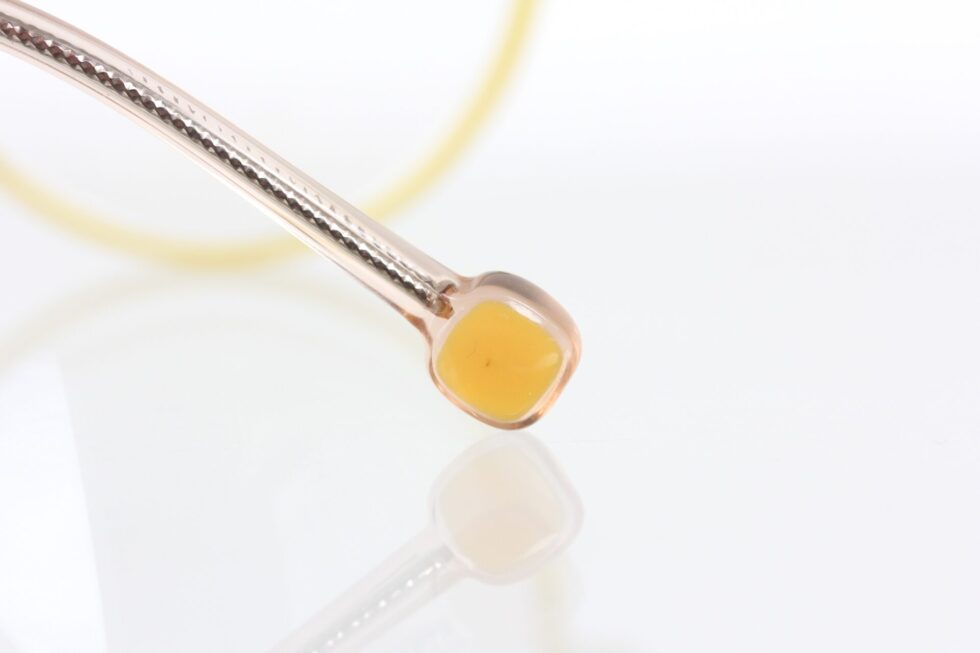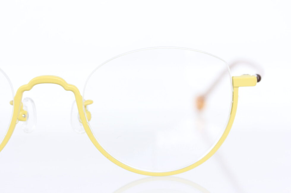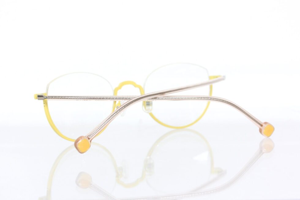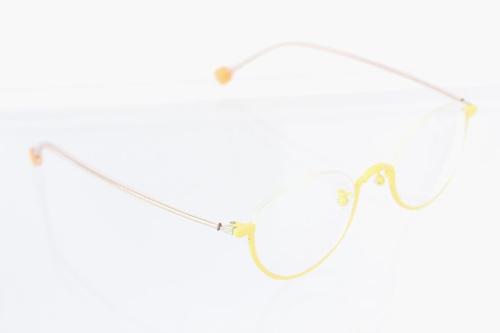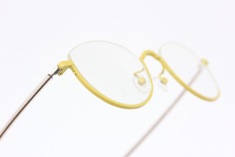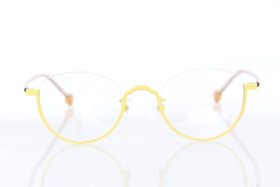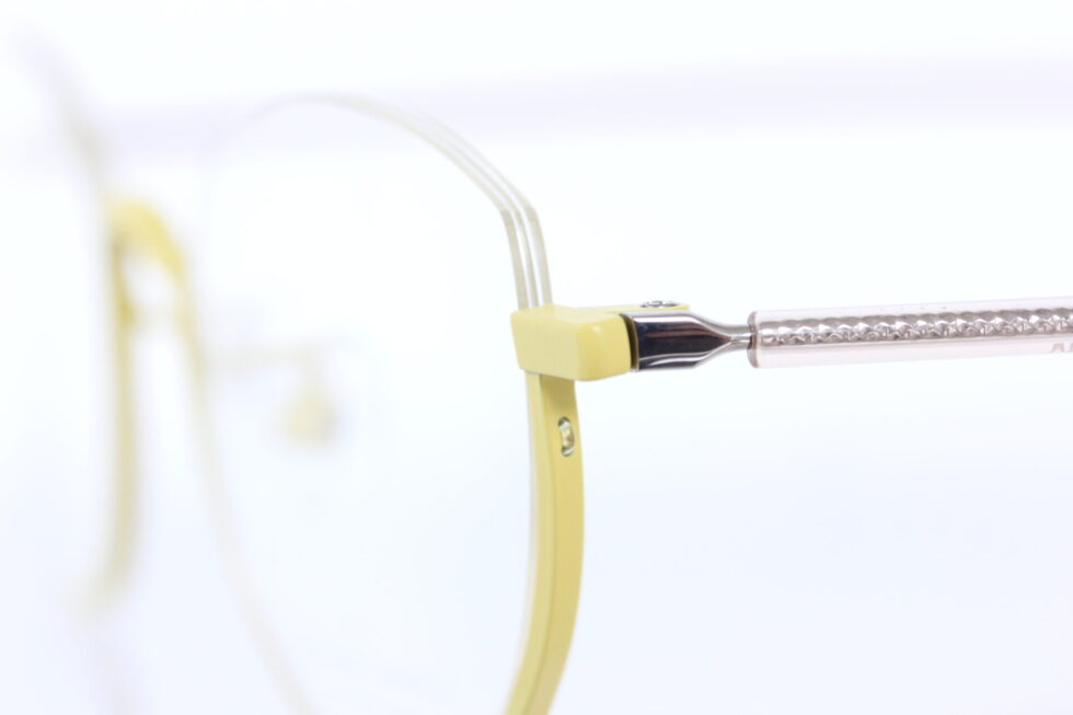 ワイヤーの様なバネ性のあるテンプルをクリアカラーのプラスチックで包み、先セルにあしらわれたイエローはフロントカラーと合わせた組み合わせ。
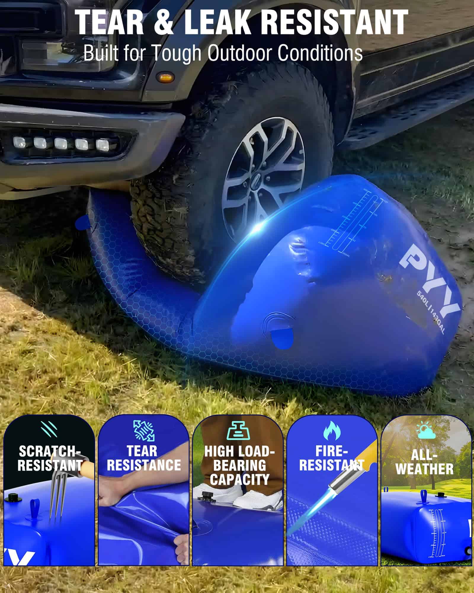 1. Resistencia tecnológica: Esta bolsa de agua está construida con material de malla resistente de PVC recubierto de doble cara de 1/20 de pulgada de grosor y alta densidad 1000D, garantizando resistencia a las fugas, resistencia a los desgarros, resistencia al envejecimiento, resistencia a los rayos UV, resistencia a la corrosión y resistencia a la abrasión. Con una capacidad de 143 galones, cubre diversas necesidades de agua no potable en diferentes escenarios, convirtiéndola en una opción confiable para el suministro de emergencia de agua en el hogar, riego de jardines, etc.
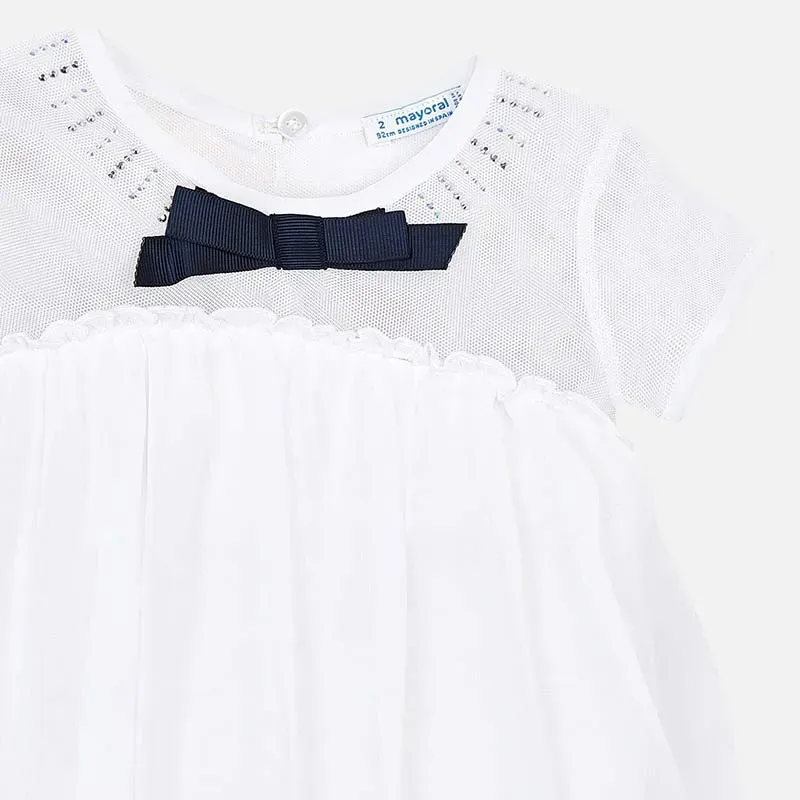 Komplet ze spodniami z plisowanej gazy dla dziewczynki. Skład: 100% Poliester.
^^^^^^^^
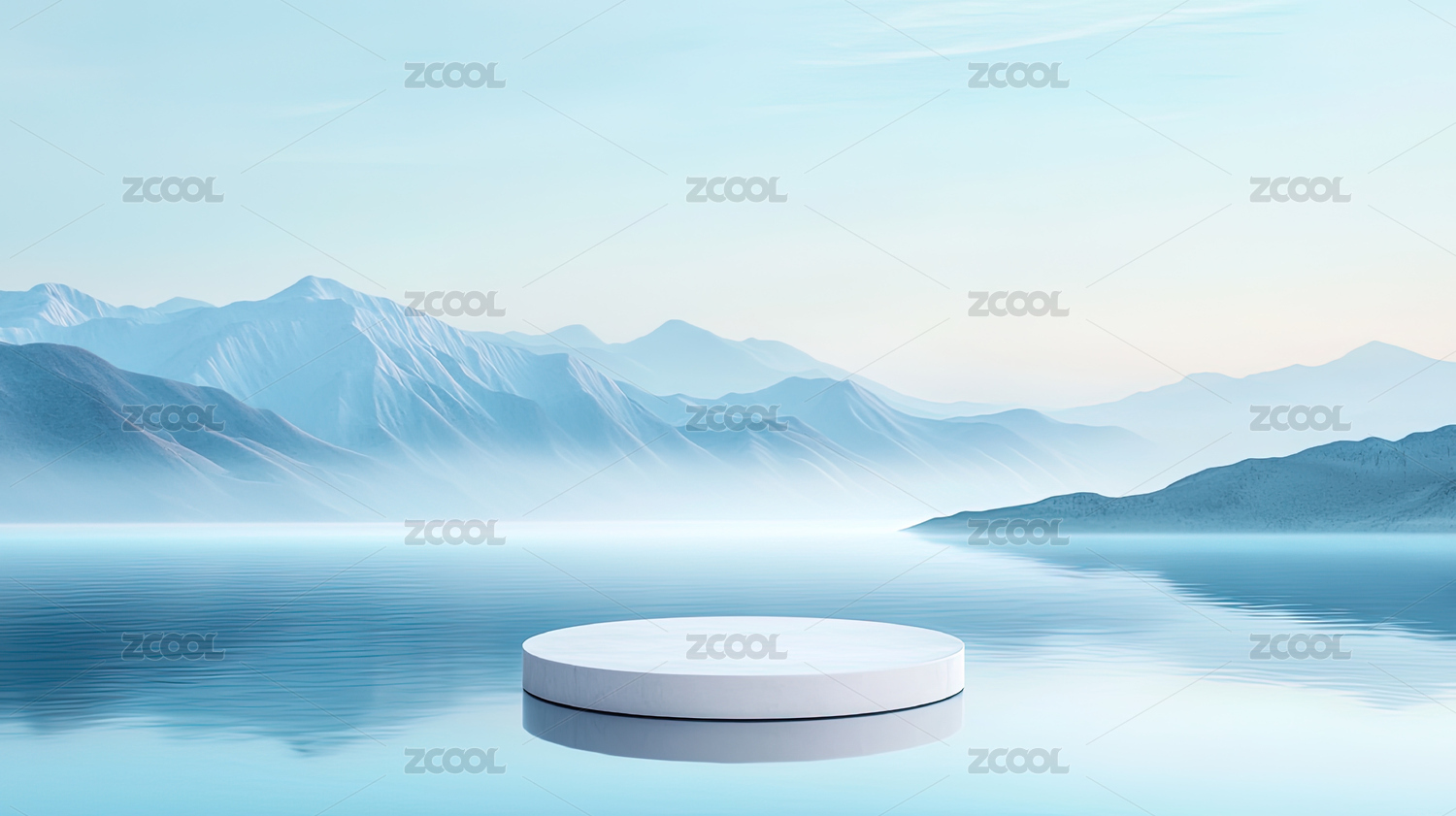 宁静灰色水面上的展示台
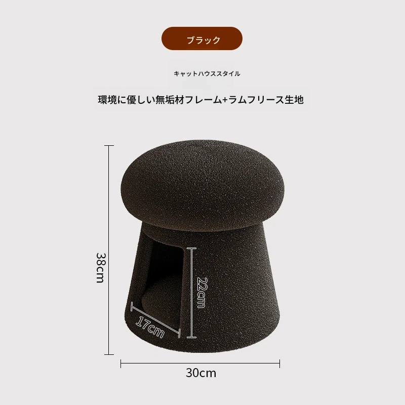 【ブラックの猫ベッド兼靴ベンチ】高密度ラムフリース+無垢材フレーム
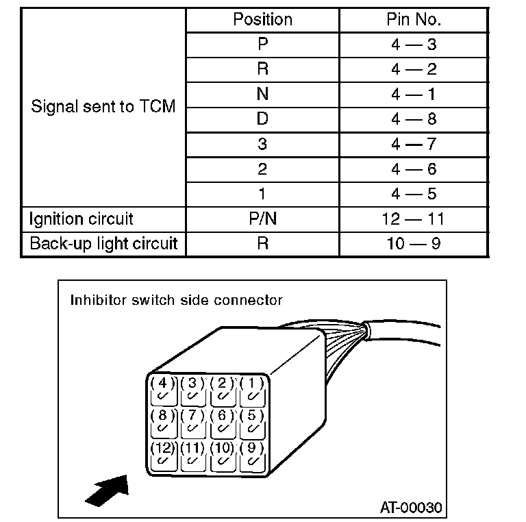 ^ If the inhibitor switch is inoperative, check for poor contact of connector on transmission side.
^^^^^^^^
## What is needed
Exact copy, pictures excluded: from the line with "ワイヤーの様なバネ性のあるテ" up to and including the line with "Komplet ze spodniami" in the data above.

## Answer for this exercise
 ワイヤーの様なバネ性のあるテンプルをクリアカラーのプラスチックで包み、先セルにあしらわれたイエローはフロントカラーと合わせた組み合わせ。
 1. Resistencia tecnológica: Esta bolsa de agua está construida con material de malla resistente de PVC recubierto de doble cara de 1/20 de pulgada de grosor y alta densidad 1000D, garantizando resistencia a las fugas, resistencia a los desgarros, resistencia al envejecimiento, resistencia a los rayos UV, resistencia a la corrosión y resistencia a la abrasión. Con una capacidad de 143 galones, cubre diversas necesidades de agua no potable en diferentes escenarios, convirtiéndola en una opción confiable para el suministro de emergencia de agua en el hogar, riego de jardines, etc.
 Komplet ze spodniami z plisowanej gazy dla dziewczynki. Skład: 100% Poliester.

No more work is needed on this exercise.